# Apple resources/people in St. Catharines?



## stand_1998 (Aug 13, 2003)

This is a two-part question:

1) Where in St. Catharines can I buy Apple products?
2) Who (from this board) is from St. Catharines?

Here is a list of resources for #1:
- FutureShop (Fairview Mall) sells Apple computers
- Vaxxine (Grantham S.)
- Brock Book Store (Brock University)


----------



## Ohenri (Nov 7, 2002)

Not sure where, but I might take time to drive down to the Buffalo Apple store just for kicks. Ask the Geniuses all the Q?s I had...  

H!


----------



## JAMG (Apr 1, 2003)

I will go to Buffalo Some Day....

Don't know about St. Catharines {or Niagara}

But in Burlington -
http://WWW.CREATIVETECHNOLOGY.CA/About.html

3480 Fairview St. - Unit 10,
Burlington, ON.

I used to deal with the Downtown store... Very good service and price... They mainly dealt with Creative Agencies but they are chasing retail clients now


----------



## yoyo (Aug 3, 2003)

How could they have an Apple store in Buffalo and not Toronto?


----------



## Ohenri (Nov 7, 2002)

> How could they have an Apple store in Buffalo and not Toronto?

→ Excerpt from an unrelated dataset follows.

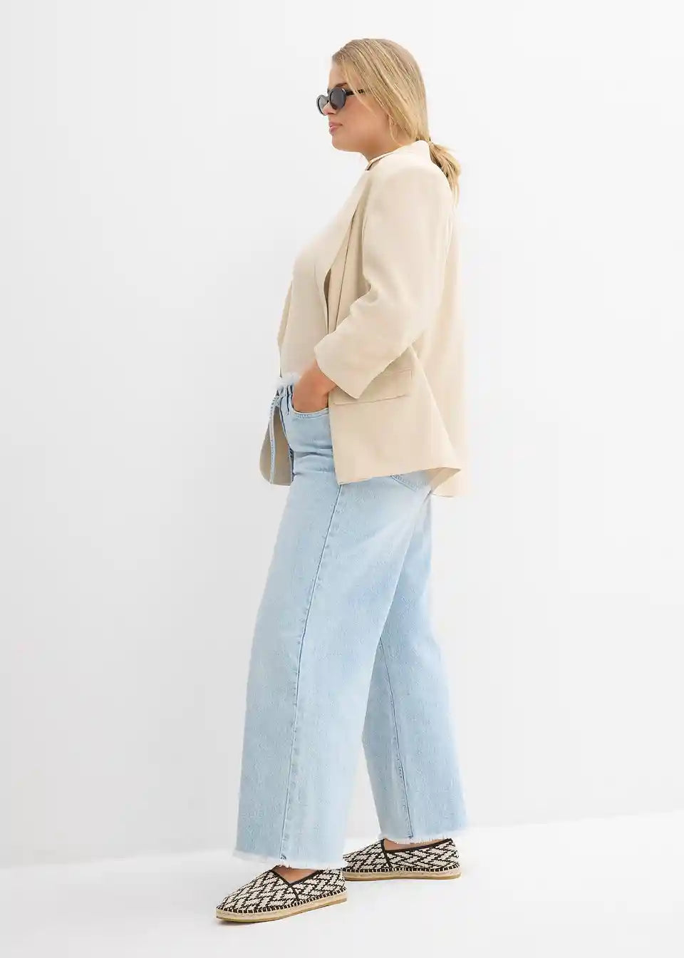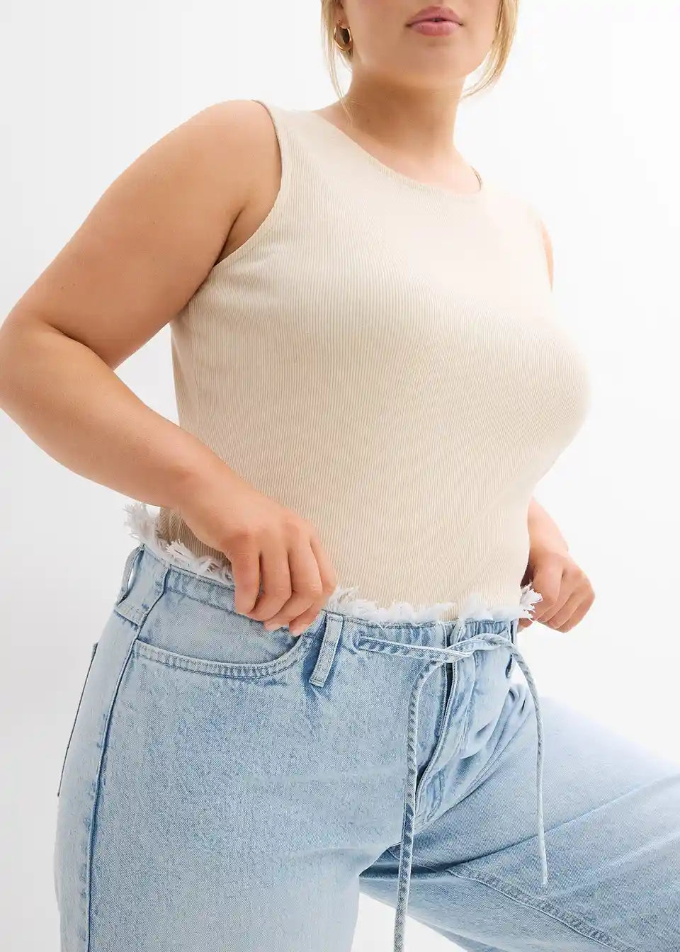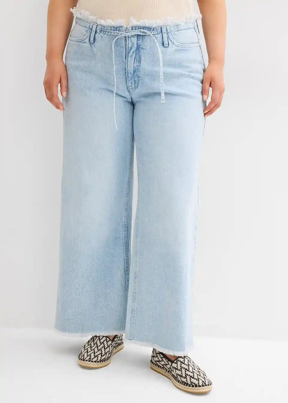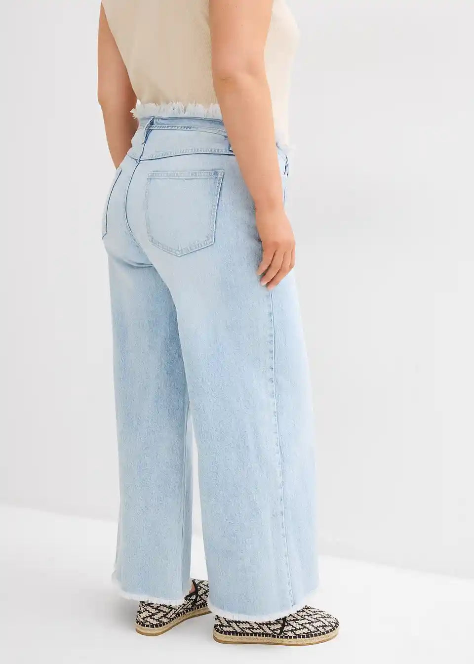 Kavbojke s širokimi hlačnicami in srednje visokim pasom iz rahlo raztegljivega materiala z resami na robu

That is a little odd. I recall the rumors that the Carbon refit was going to be an Apple store. Not quite Apple - but very simple in it's layout. Maybe a crab apple?  Was there not a near confirmation of one in Toronto (Vaughn)???

H!


----------



## da_jonesy (Jun 26, 2003)

Actually I think I have posted on this topic... I am from St.Catharines (now I'm in Grimsby)... but am there at least once or twice a week.

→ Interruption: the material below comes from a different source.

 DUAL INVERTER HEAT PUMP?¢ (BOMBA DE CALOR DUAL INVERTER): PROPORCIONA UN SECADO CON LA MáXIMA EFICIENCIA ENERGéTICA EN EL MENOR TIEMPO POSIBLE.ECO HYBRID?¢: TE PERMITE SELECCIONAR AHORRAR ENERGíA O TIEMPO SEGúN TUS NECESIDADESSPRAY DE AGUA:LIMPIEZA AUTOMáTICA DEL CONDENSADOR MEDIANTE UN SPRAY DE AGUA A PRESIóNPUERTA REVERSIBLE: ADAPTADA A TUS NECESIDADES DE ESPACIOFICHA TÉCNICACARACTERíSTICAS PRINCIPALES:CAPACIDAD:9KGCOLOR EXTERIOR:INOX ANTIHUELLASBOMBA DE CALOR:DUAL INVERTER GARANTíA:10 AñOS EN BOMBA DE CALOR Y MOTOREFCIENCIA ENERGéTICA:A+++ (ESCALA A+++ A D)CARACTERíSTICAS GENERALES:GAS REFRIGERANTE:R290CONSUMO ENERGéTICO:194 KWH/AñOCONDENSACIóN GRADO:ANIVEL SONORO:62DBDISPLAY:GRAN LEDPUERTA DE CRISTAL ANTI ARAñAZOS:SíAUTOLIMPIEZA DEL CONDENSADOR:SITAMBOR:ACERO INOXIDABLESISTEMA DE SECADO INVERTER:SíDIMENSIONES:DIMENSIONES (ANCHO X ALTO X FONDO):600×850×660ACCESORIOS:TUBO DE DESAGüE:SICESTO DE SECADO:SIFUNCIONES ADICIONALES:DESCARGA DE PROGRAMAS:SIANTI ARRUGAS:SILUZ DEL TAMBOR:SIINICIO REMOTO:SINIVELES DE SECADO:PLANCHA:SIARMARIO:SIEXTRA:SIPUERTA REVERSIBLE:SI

There is MacOutpost... in St.Catharines. No stock to speak of but they can pretty much order you anything.

The Futureshop at the fairview mall has 14" iBooks and 17" i Macs in stock (as of today... I saw them).

The Brock Bookstore has carried Mac gear from time to time.

The Light Computer Center in Hamilton is a dedicated Apple retailer and usually has good stock.

The Apple Store in Buffalo at the Walden Galleria of course...

This link should point you the other noted Mac dealers in the GTA...

http://www.hummingbirdservices.ca/dealers.html


----------